• **TASK DESCRIPTION**: Could you please output all of the data exactly, without the images?

• **EXERCISE DATA**:
+===+

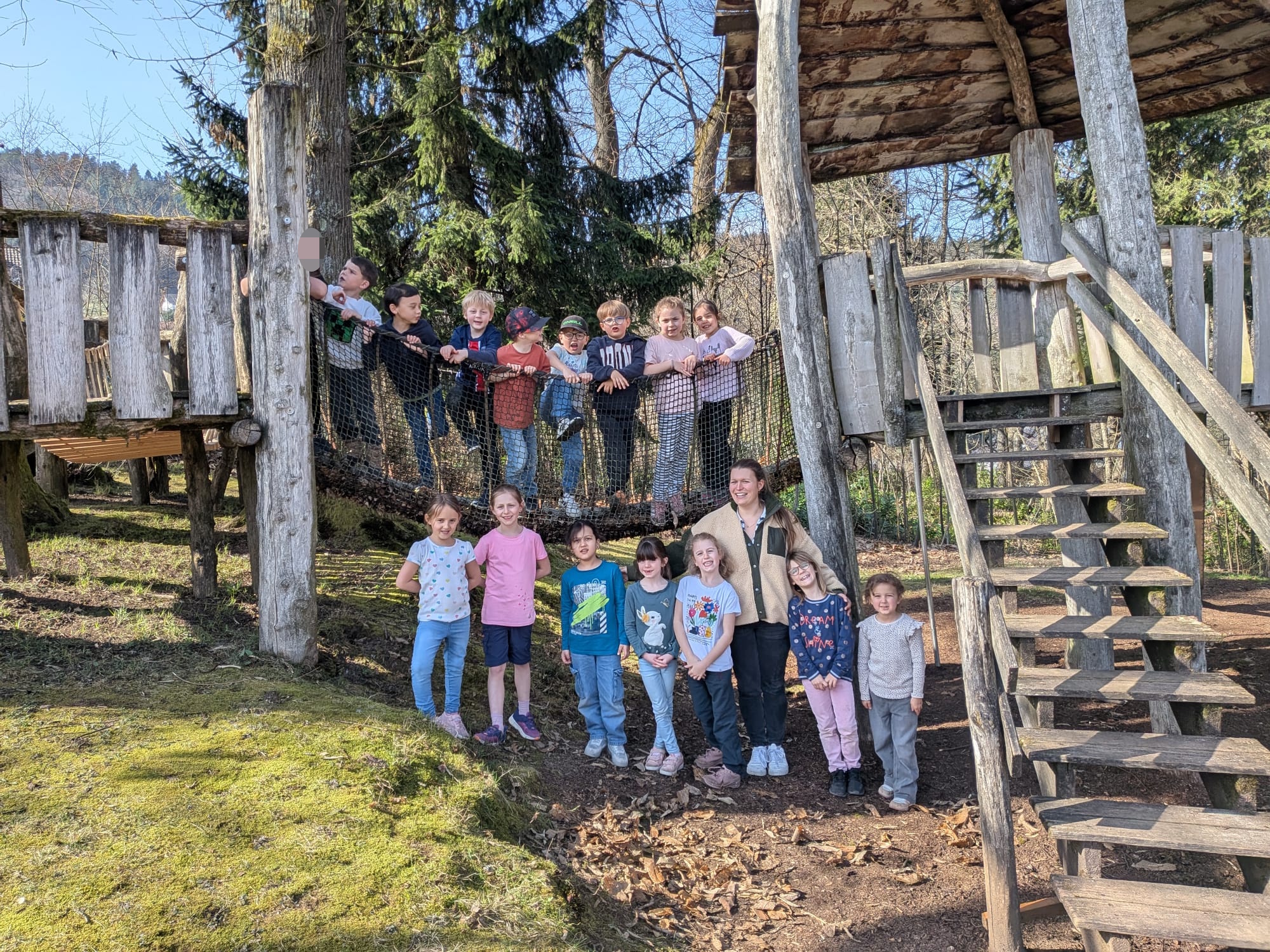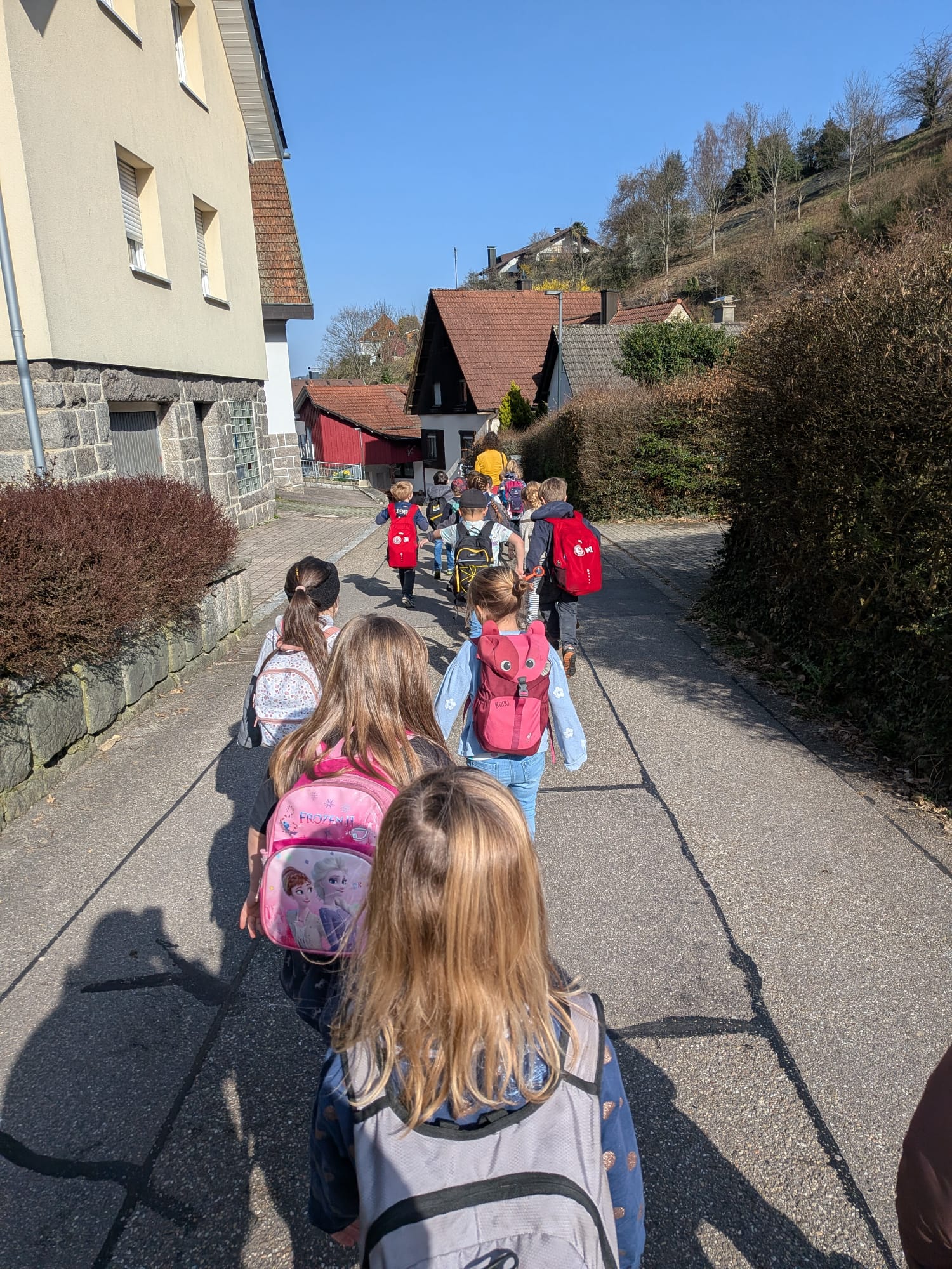 Natürlich durfte auch eine Verschnaufpause nicht fehlen: Auf einem Spielplatz im Bühlertal wurde ausgiebig gespielt, gelacht und gemeinsam gevespert. Frisch gestärkt und mit vollen Mägen machte sich die Klasse anschließend wieder auf den Rückweg zur Schule. Dabei liefen die Kinder sogar einige ihrer eigenen Schulwege ab.
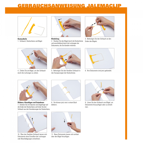 Der Jalema Clipex verfügt über einen extralangen Schlauch und Bügel, sodass der gesamte Inhalt eines vollen Ordners problemlos darauf passt. Inklusive sind farbige Etiketten mit Perforationslöchern, die beidseitig beschriftbar sind. Damit haben Sie alles im Blick und können Ihre Archive optimal organisieren.
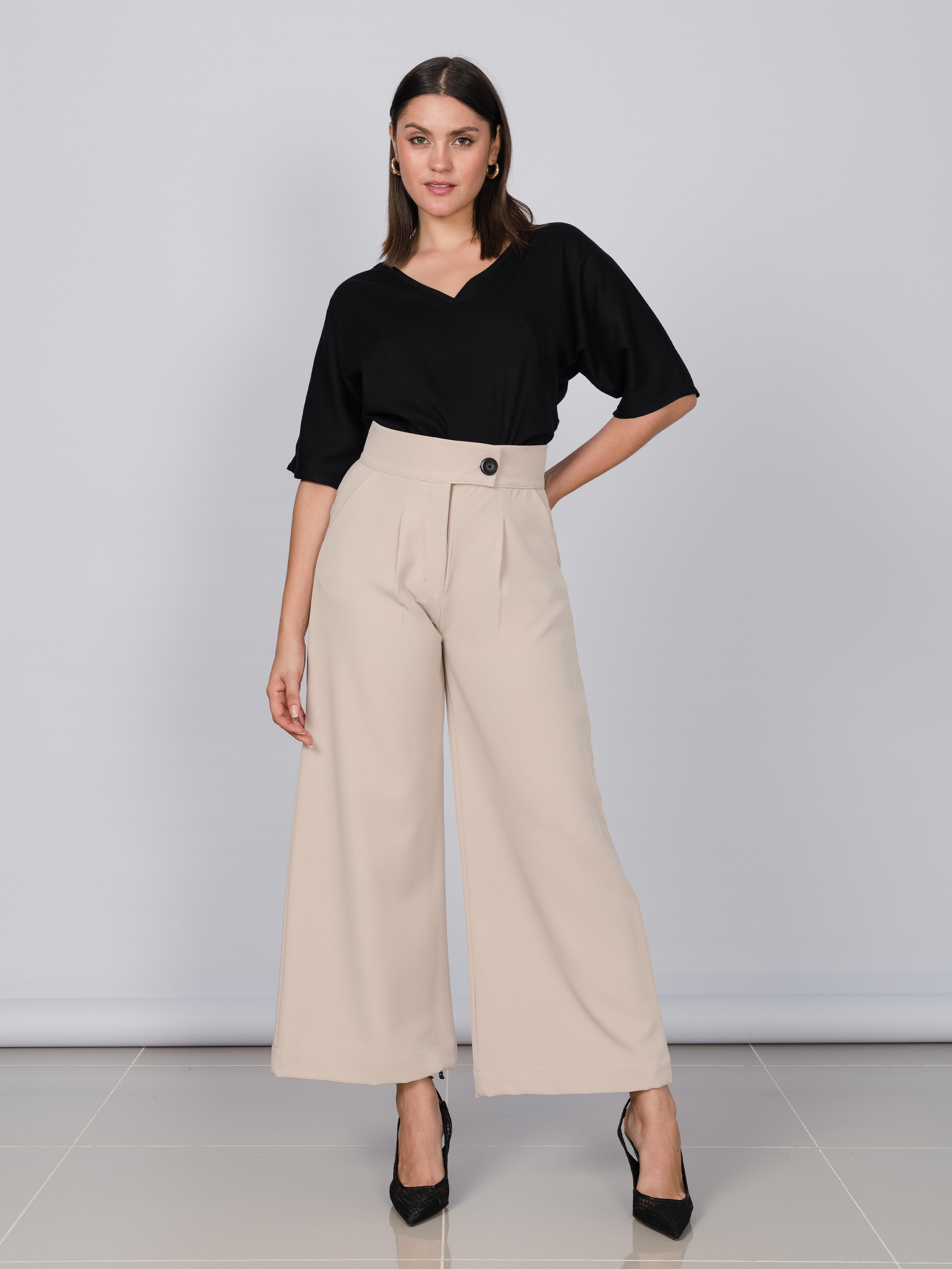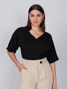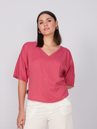 Blusa con el cuello v, mangas 3/4 y diseño holgado.

+===+

• **EXERCISE RESULT**:
 Natürlich durfte auch eine Verschnaufpause nicht fehlen: Auf einem Spielplatz im Bühlertal wurde ausgiebig gespielt, gelacht und gemeinsam gevespert. Frisch gestärkt und mit vollen Mägen machte sich die Klasse anschließend wieder auf den Rückweg zur Schule. Dabei liefen die Kinder sogar einige ihrer eigenen Schulwege ab.
 Der Jalema Clipex verfügt über einen extralangen Schlauch und Bügel, sodass der gesamte Inhalt eines vollen Ordners problemlos darauf passt. Inklusive sind farbige Etiketten mit Perforationslöchern, die beidseitig beschriftbar sind. Damit haben Sie alles im Blick und können Ihre Archive optimal organisieren.
 Blusa con el cuello v, mangas 3/4 y diseño holgado.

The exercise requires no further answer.